Surveys mislead when firms control the investment climate

Is India’s investment climate truly improving? The ‘Doing Business 2017’ report of the World Bank shows India improving only marginally from 131st to 130th position among surveyed countries. Meanwhile the industry ministry’s ‘Assessment of State Implementation of Business Reforms 2015-16’ claims that implementation of a 340-point reform programme by the states has improved to 48.9% from just 32% the previous year.

Which version should readers believe? Neither. Both reports describe changes in rules rather in practice. The reports cannot capture the role of money and influence to get clearances. Enormous hurdles can vanish with a bribe or telephone call.

The Doing Business report shows India is a difficult place for honest, rule-bound business. But it’s not bad at all for businesses that can handle the system. That’s why billions of dollars of foreign investment are pouring in even as World Bank ratings show countries like India and China in a poor light.

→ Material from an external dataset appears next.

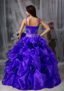 Spaghetti Straps Beading Royal Blue Quince Gown with Ruffles
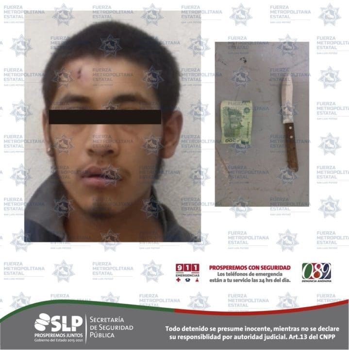 Gracias a un llamado de auxilio, Policías Metropolitanos efectuaron la detención de una persona del sexo masculino, por el presunto delito de robo a comercio.

Critics have long pilloried the shortcomings of the Doing Business report. Yet it has become popular, warts and all, because it captures at least the formal hurdles facing honest business, and promotes competition between countries.

The most devastating expose of its shortcomings came in a World Bank study by Hallward-Driemeier and Lant Pritchett. They compared data for a large group of countries from the Doing Business survey with that from a separate Business Enterprise survey, also done by the Bank. They examined three indicators — the time taken for obtaining construction permits, starting a business or operating licence, and the delay in importing goods. They found the average time taken for all three was far less in the Enterprise surveys.

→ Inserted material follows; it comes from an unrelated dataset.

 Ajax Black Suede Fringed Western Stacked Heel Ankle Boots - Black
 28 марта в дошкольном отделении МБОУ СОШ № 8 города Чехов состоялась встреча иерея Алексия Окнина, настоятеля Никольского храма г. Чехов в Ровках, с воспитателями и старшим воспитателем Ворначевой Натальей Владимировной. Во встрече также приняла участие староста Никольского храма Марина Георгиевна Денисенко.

Why? For many technical reasons, but mainly because the Enterprise surveys got data from businessmen across a country, whereas the Doing Business surveys got data from a single city, from lawyers and technocrats familiar with changing rules. So, the Enterprise surveys captured the reality inclusive of bribes and influence, whereas the Doing Business surveys captured changes in rules that would benefit honest, but possibly non-existent, businesses. In India, even reputable firms hire “consultants” to handle speed money.

The Doing Business report gives a single number for the time taken in clearances. But Hallward-Driemeier and Pritchett found huge variations for different firms: it mattered greatly who your contacts were. The investment climate is not the same for everybody: some can control it, others cannot. The biggest, best-connected firms have a big advantage.

In practice, clearances are faster than rules suggest. The time taken for construction permits in 80 countries was only one-sixth as much in the Enterprise surveys as in the Doing Business surveys.

So, should we ignore surveys on rules and focus only on “realities”? Sorry, but businessmen don’t tell the full truth to surveyors about “realities” either. Still, Enterprise surveys carry more credibility than the Doing Business report.

With the caveats already expressed, the industry ministry’s survey of states deserves attention for what it reveals in trends, even if its figures need a generous pinch of salt. This survey looks at 340 changes in laws and rules agreed upon to improve the investment climate. These are more relevant for honest than dishonest business. That does not make them irrelevant. Rules must be changed to make honest business easier. This may not have a revolutionary short-term impact, but is essential for the long term. We need to shift from an influence-based to a rule-based system.

Modi has cut big corruption in New Delhi but it continues at the state level. The survey shows that NDA-ruled states are far more reformist than others, occupying most top rankings. This drives home Modi’s strategy to get re-elected by job creation in a vibrant economy, not through giveaways or Hindutva (though that card will be played occasionally to keep his RSS core happy).

The BIMAROU states, once the pits, now figure high in the rankings. This includes BJP-ruled states (Rajasthan, MP, Chhattisgarh, Jharkhand) and non-BJP ones (Bihar, Odisha, UP). Although placed 14th and 16th, UP fulfilled 84.5% and Bihar 75.8% of promised reforms. West Bengal, another laggard, fulfilled 84.2%. It remains to be seen how far changed rules translate into reality. Huge gaps can be expected. Nobody should believe that the states have improved the investment climate fabulously, or that climate control by influential firms has disappeared. Yet the direction of change is positive.